Josh Turner「Black Water」(ドゥービー・ブラザーズのカバー)

当ブログでジョシュ・ターナーについて書くのは、今回で3回目。はっぴいえんどの「風をあつめて」を日本語でカバーした素晴らしすぎる演奏を知ってから、この人が10年以上にわたってYouTubeにアップしてきた数々の動画を見てきたけど、まだまだとても全部は見きれていないし、今でも最新動画が次々とアップされている。ジョシュ・ターナーの名前をここで初めて聞くという人は、とりあえずその「風をあつめて」を見てみてほしい。Satisfaction guaranteedである。ついでに気が向いたら、当ブログの過去記事も読んでいただければと思う。

Josh Turner「風をあつめて」日本語カバーその他が素晴らしすぎる
新作カバーも素晴らしすぎる:Josh Turner (feat. Allison Young)「Do I Ever Cross Your Mind」

ジョシュ・ターナー、ひとり多重録音の名演もたくさんあるのだけど、音楽仲間たちと「せーの」で演奏しているカバーの数々がとにかく驚愕のハイクオリティなのである。類は友を呼ぶというか、共演者たちも揃いも揃って凄腕ばかりで、それでいてすこぶる楽しそうに音を合わせている。最近アップされた演奏で特に出色の出来だったのが、ドゥービー・ブラザーズの「Black Water」のカバー。


ギターx2、バンジョー、ベース、パーカッションの総勢5人で演奏していて、ベース以外の4人が歌う(ほかの数々の名演奏にもたびたび登場する、おなじみの顔ぶれ)。ツインヴォーカルと3声コーラスのハーモニーが完璧に決まっているし、ベースとパーカッションが出たり引っ込んだりの間合いがとにかく絶妙。オリジナルバージョンではフェードイン/フェードアウトで処理されているところだけど、これをさらっと人力で表現してしまうのがたまらなく格好いい。
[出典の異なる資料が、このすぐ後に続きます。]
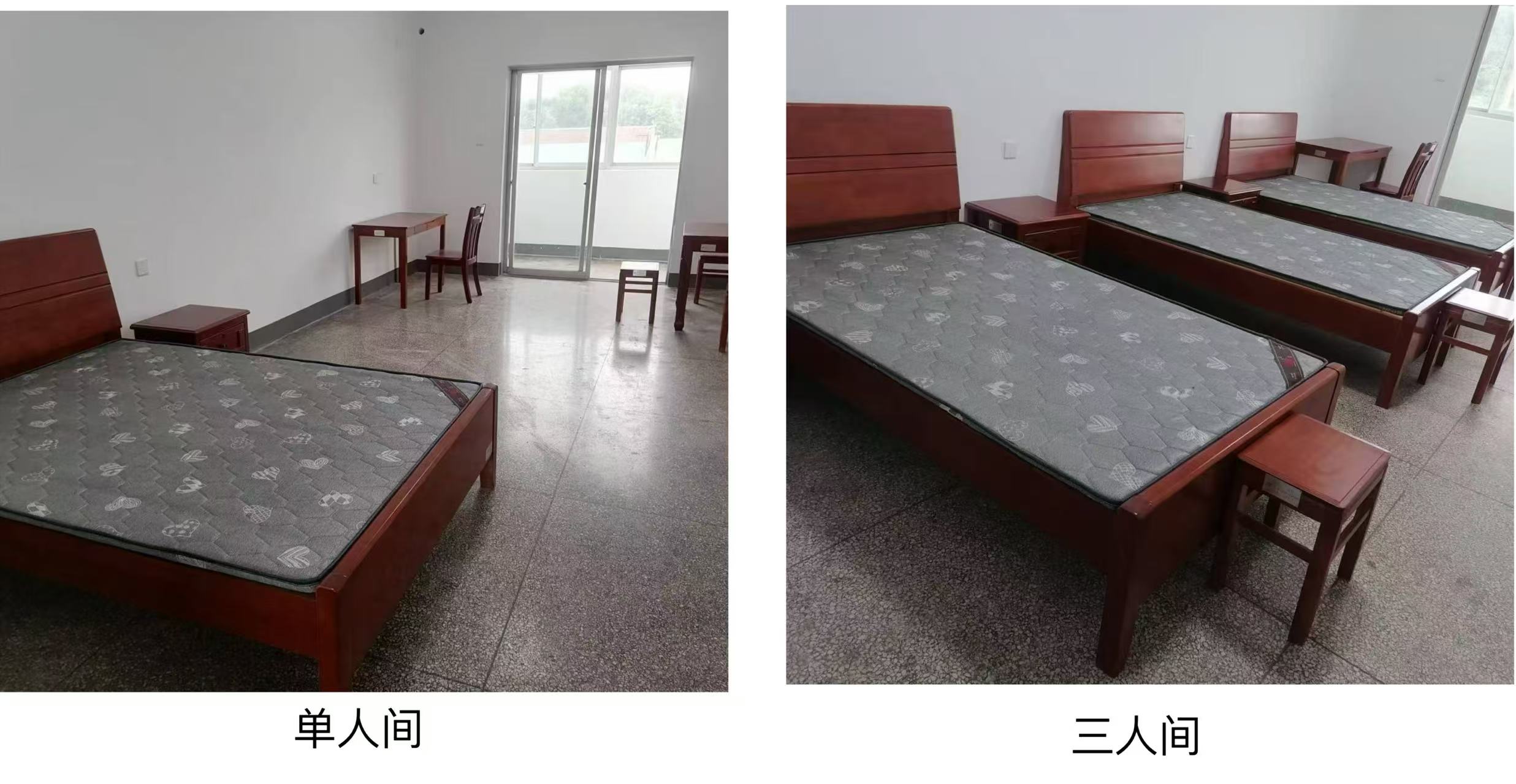 每個(gè)房間均按家居標(biāo)準(zhǔn)新配置實(shí)木家具:床、床頭柜、方凳、寫字臺(tái)、椅子,單人間還購置了家用方桌。

本当に、いいなあ、としか言いようがない。

その本家ドゥービー・ブラザーズも、近年になってこの曲の再演を披露していたようで、先日YouTubeで見つけて見たばかり。2020年4月29日にアップされた、「Live in Isolation」と題された演奏である。この時期とタイトルでわかるように、コロナ禍初期の厳格なロックダウン下の状況で収録されたようだ。これがまた素晴らしい。


各メンバーが米国各地の居所からリモート共演という形になっている。さすが本家、演奏もハーモニーも貫禄が凄いし、終盤の展開はまさにこの時期ならでは、という感じで胸にしみる。それにしても2020年ロックダウン当時のこういう、世界中の皆でステイホームを頑張ってこの難局を乗り切ろう!というポジティブな連帯感が、今となっては遠い過去の出来事、何だか懐かしいものにさえなっているのに気付かされてしまう。コロナ禍発生から3年経って、また振り出しに戻った感すらある今日この頃だけど、どこまで続くぬかるみぞ。

コロナのことはこの辺にして、ジョシュ・ターナーに話を戻す。「風をあつめて」のカバーを初めて知ったとき、若いアメリカ人の彼がどうやってこの曲を知ったんだろう、はっぴいえんどをどんな風に聴いているんだろう、と思ったものだった。実はこれも最近になって見つけたのだけど、ジョシュ・ターナーは某所ではっぴいえんど「風街ろまん」のアナログ盤を全編再生する動画をアップしていた。画像に出てくるレコードジャケには帯も付いていて、見たところ日本で数年前に出ていた復刻LPのようだ。わざわざ日本からアナログを輸入して所有しているとは、やっぱりガチではっぴいえんど好きだったんだなあ。ジョシュ・ターナーによる「風をあつめて」が、あんなに原曲の良さを忠実に再現したものになっている理由が、これでよく納得できた。


12月30日に日付が変わった頃に上記の文章を書き、その夜が明けた翌朝になって、今日が奇しくも大瀧詠一さんの9年目の命日であることに気付いた。長年にわたって、自分の知っている音楽の世界に、陰に日向に大きすぎる影響を与えてきた大瀧さん。ジョシュ・ターナーを知ることができたのも、はっぴいえんどのおかげ。数々の素晴らしい音楽をありがとうございました。安らかに。